In the cellular models of schwannoma and meningioma, AR-42 inhibited cellular growth (IC50 values between 250 nM and 1 μM, depending on the cell line).[20] In several models of non-Hodgkin’s lymphoma, AR-42 significantly enhanced the anti-tumor activity of HB22.7, an anti-CD22 monoclonal biologic.[21] AR-42 is currently in two clinical trials: one for the treatment of non-Hodgkin’s lymphoma (NCT01798901) and the other for multiple myeloma (NCT01129193, www.clinicaltrials.gov). In the multiple myeloma phase I trial, a 40-mg dose of AR-42 achieved a maximum concentration (Cmax) of 1 μM, a concentration that is sufficient to reactivate HIV in the ACH-2 model.[22,23] In the MT-2 and C8166 cellular models of cancers associated with the deltaretrovirus human T-lymphotropic virus type 1 (HTLV-1), AR-42 induces both histone acetylation and apoptosis; this study did not assess the ability of AR-42 to reactivate HTLV-1 gene expression.[11] Furthermore, in a mouse model of HTVL-1-associated adult T-cell leukemia/lymphoma, AR-42 significantly increased animal survival compared to vehicle-treated control animals.[11] Thus, AR-42 has promising activity against the cancers of various etiologies.

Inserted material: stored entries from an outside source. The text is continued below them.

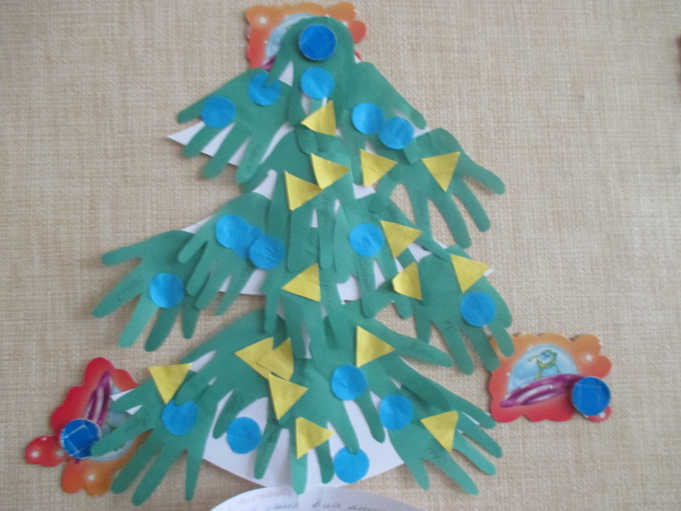 Еще на этой неделе у доченьки была первая коллективная работа в детском саду. Ёлка из ладошек украшенные кружочками и треугольничками. Наша ладошка внизу по центру.
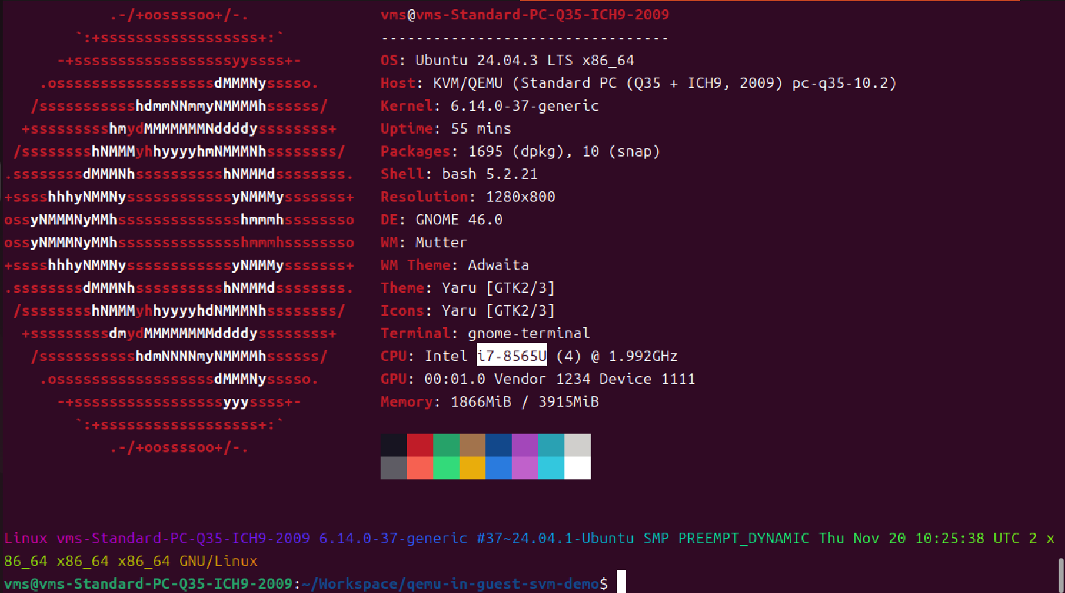 $ qemu-system-x86_64 -machine -q35 -m 4096 -enable-kvm test-vm-1.qcow2 -cdrom ./ubuntu-24.04.3-desktop-amd64.iso
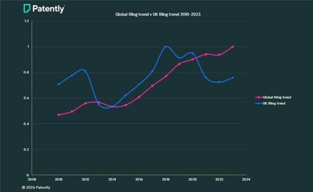图1为一张经过归一化处理的图表,展示了全球范围,以及英国本土企业在光子学领域的专利申请趋势。在该时间段内,全球专利申请量持续增长,反映出全球光子学技术发展的长期加速态势。相比之下,英国的情况则更为波动,其特征是在2010年代后期出现明显激增,随后在新冠疫情之后短暂回落,并在近几年重新恢复增长。
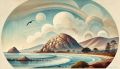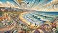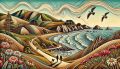 Whimsical Waves and Rolling Hills: A Cubist-Inspired Seascape
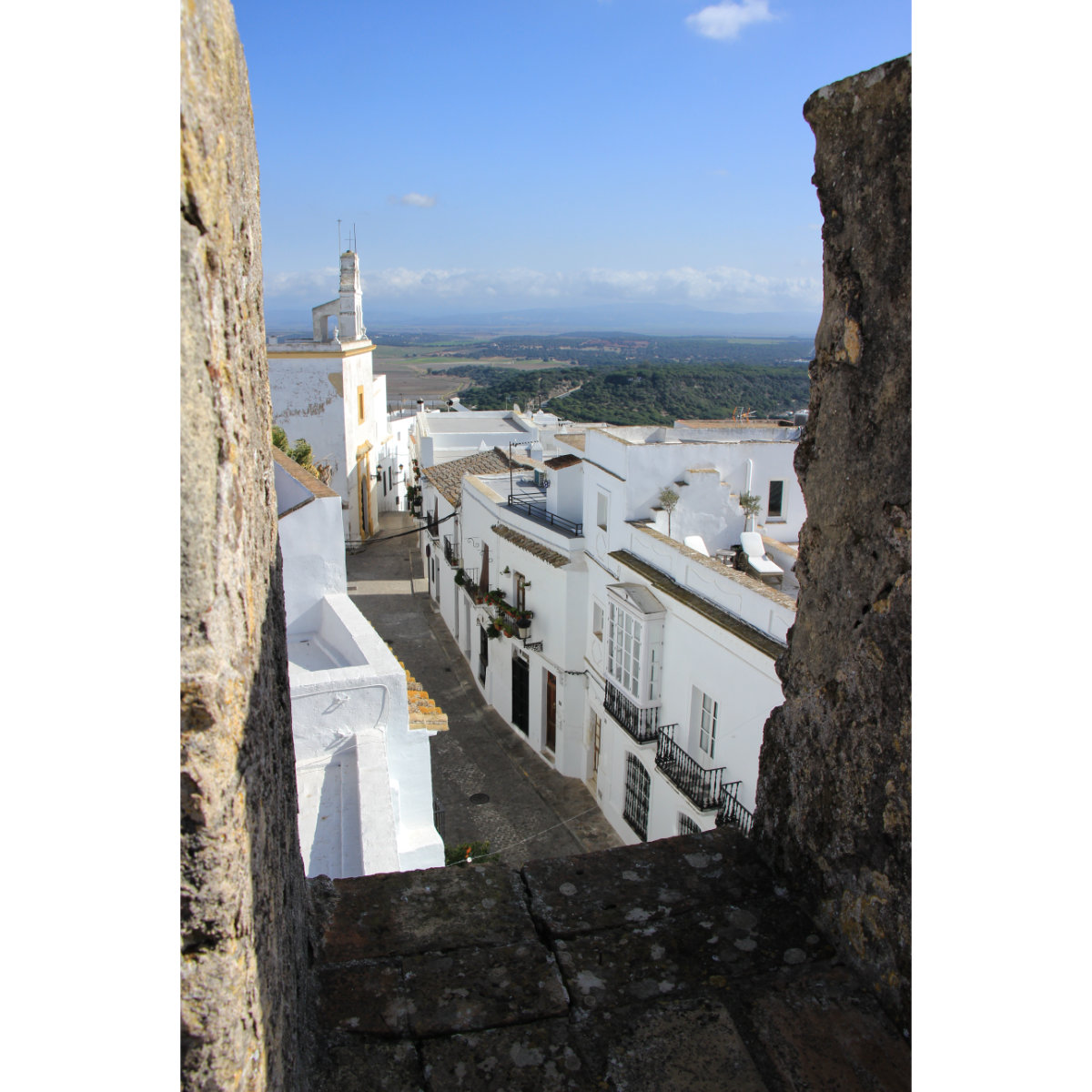 Vejer de La Frontera, eine typische, andalusische weiße Stadt liegt auf einem Hügel und ist von einer 2km langen Stadtmauer umgeben. Die Pflicht zur Vollverschleierung für christliche Frauen wurde erst 1939 abgeschafft!

AR-42 treatment decreased MTT activity and cell viability at the treatment concentrations of 250 nM–1000 nM, although the cellular damage would not be attributed solely to drug treatment, because AR-42-induced HIV-1 release can also result in cell death. Previous studies have indicated that activated latently infected cells are presumed to die due to viral pathogenic effects, apoptosis, or pyroptosis.[4,24] A strength of this study is that rather than assessing the supernatant-associated HIV RNA concentration following the reactivation, we assessed either intracellular GFP production (J-Lat cells clone 9.2) or RT activity deposited into the supernatant (ACH-2); both of these assays would not be confounded by HIV RNA or DNA, which could be liberated by cell death.

HIV-1 latently infected cell line models, as used in this study, have proven to be useful in investigating the induced reactivation of HIV from latently infected cells.[25] Recognizing that individual HIV-1 latently infected cell models have limitations, we tested the ability of AR-42 to reactivate the HIV-1 gene expression in both the J-Lat cells (clone 9.2) and the ACH-2 models. Although there are slight differences between the results from the two cell lines, compared to vorinostat, AR-42 had at least one favorable pharmacological attribute in each model [ie, better efficacy in ACH-2 and better potency in J-Lat cells (clone 9.2)].

In summary, AR-42 potently induces histone acetylation in the ACH-2 cells and HIV-1 gene expression in the two models of latently infected CD4+ T-cells. These results (ie, favorable efficacy and toxicity profiles), combined with the ongoing AR-42 clinical studies, suggest that AR-42 should be tested in the primary cell models of HIV-1 latency.[26]